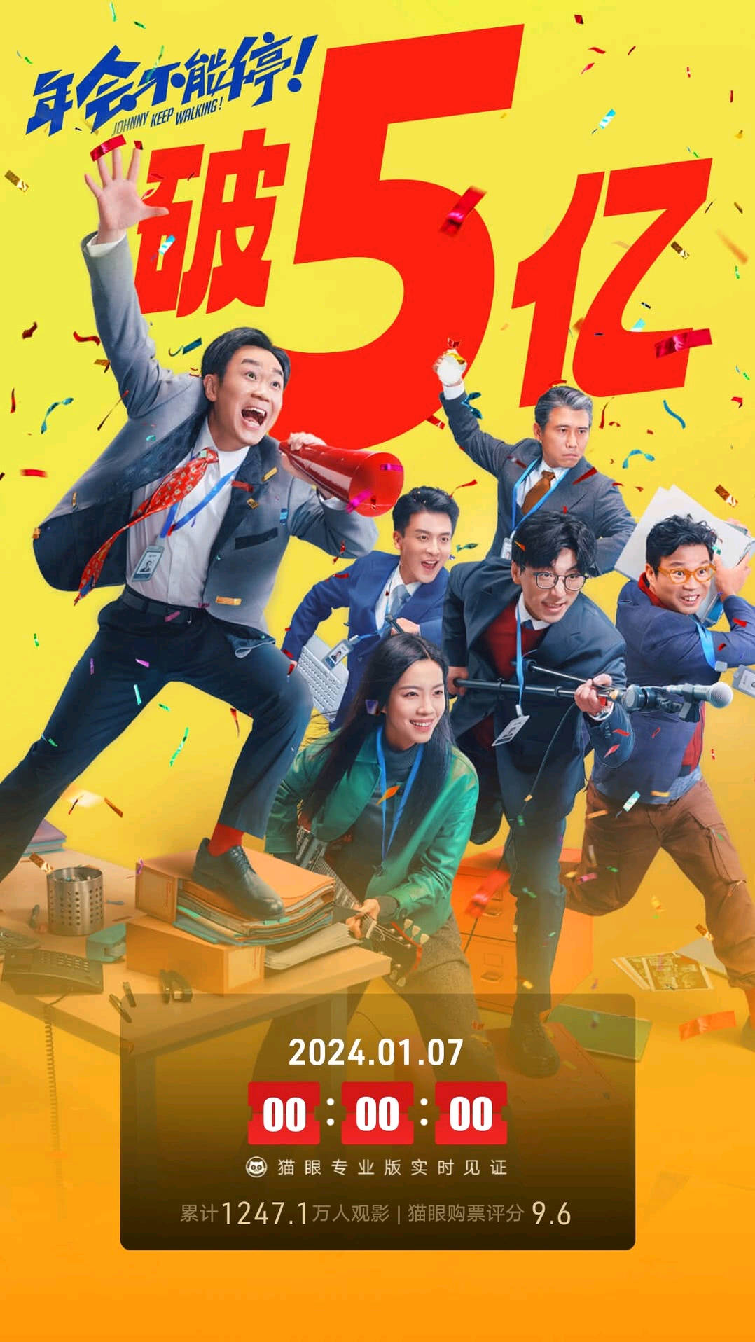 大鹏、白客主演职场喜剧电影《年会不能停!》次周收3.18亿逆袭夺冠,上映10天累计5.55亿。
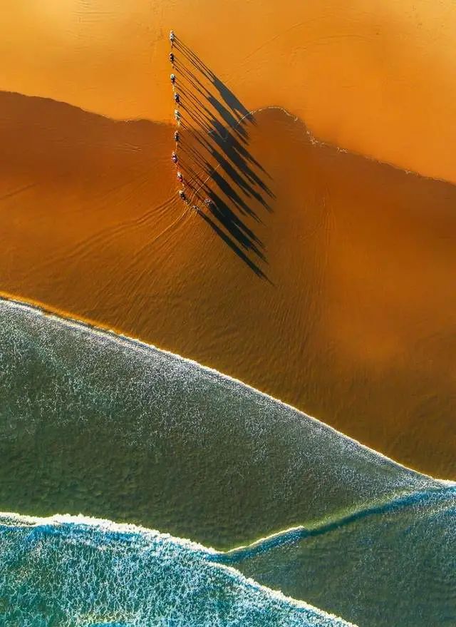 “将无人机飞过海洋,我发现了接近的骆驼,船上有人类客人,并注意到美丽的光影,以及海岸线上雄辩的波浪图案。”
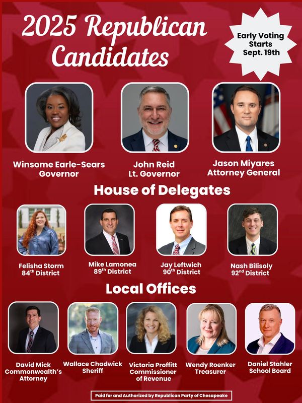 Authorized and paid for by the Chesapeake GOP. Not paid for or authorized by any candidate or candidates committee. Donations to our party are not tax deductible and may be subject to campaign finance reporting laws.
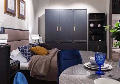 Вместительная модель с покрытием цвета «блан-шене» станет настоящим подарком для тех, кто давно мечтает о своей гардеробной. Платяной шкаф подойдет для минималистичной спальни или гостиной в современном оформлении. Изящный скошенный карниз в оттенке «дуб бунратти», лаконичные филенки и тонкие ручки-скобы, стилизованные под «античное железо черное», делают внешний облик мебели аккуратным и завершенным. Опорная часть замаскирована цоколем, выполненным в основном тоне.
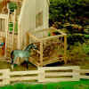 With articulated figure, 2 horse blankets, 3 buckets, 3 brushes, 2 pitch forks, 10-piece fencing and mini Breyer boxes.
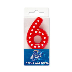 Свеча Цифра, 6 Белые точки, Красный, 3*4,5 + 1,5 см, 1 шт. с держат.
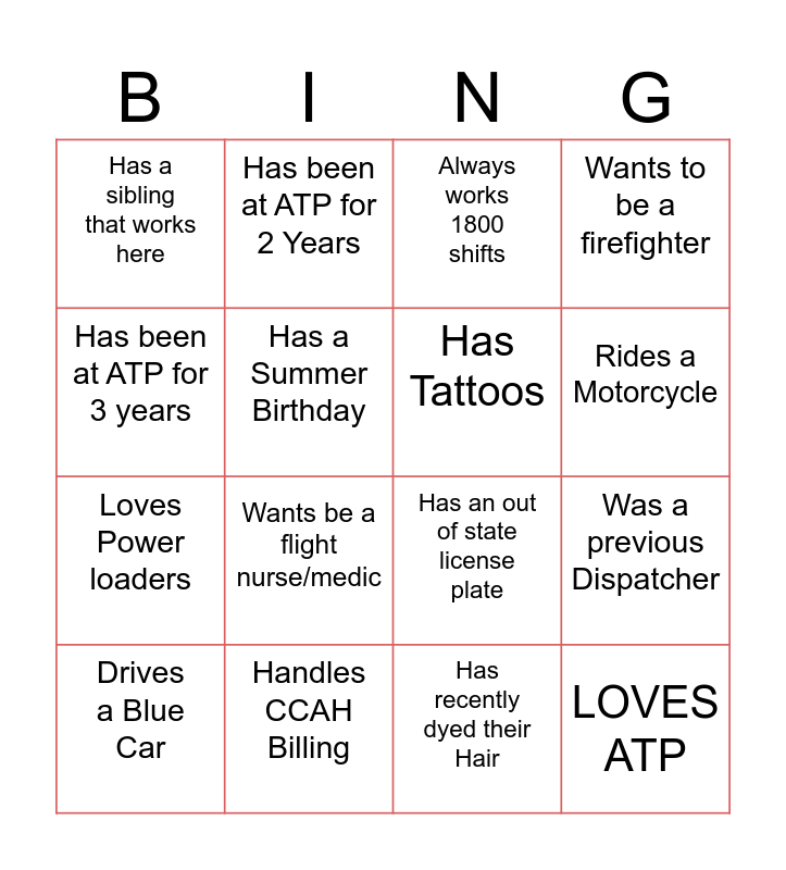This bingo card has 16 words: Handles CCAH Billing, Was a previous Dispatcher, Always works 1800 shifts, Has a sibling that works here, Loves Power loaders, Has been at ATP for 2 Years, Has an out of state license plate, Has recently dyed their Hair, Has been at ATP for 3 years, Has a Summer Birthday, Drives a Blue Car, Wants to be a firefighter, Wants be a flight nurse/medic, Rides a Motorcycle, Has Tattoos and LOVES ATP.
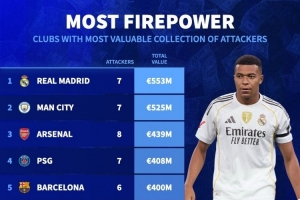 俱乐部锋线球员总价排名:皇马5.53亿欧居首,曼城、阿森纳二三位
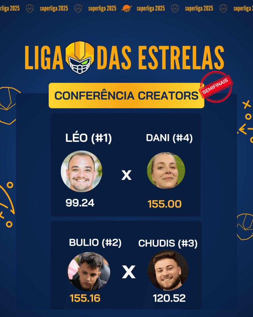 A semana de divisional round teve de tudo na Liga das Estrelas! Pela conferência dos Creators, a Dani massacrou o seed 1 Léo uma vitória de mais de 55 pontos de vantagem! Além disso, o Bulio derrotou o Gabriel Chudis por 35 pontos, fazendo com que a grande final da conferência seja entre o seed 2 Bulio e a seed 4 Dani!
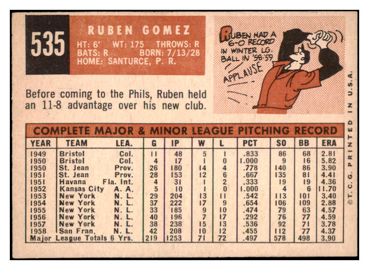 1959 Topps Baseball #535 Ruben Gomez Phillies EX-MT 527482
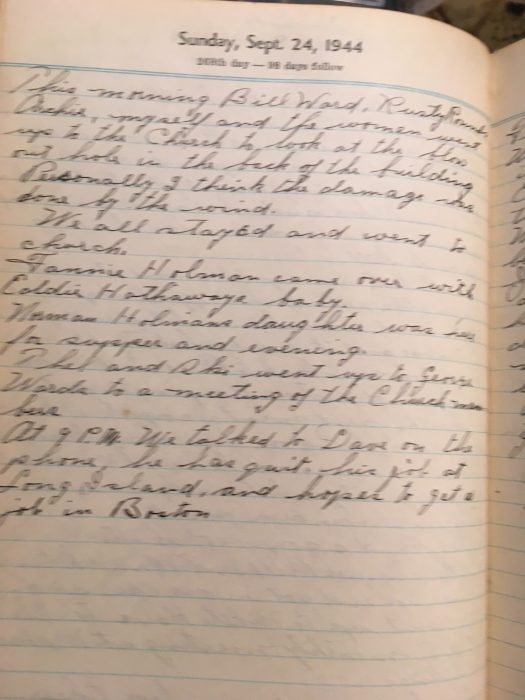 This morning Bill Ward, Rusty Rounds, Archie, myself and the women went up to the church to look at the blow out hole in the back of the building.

> _WHAT IS REQUIRED_:
Only the lines from the beginning of the records up to and including the line with "Authorized and paid" should appear, exactly as they are, and no pictures.

> _TASK SOLUTION_:
 大鹏、白客主演职场喜剧电影《年会不能停!》次周收3.18亿逆袭夺冠,上映10天累计5.55亿。
 “将无人机飞过海洋,我发现了接近的骆驼,船上有人类客人,并注意到美丽的光影,以及海岸线上雄辩的波浪图案。”
 Authorized and paid for by the Chesapeake GOP. Not paid for or authorized by any candidate or candidates committee. Donations to our party are not tax deductible and may be subject to campaign finance reporting laws.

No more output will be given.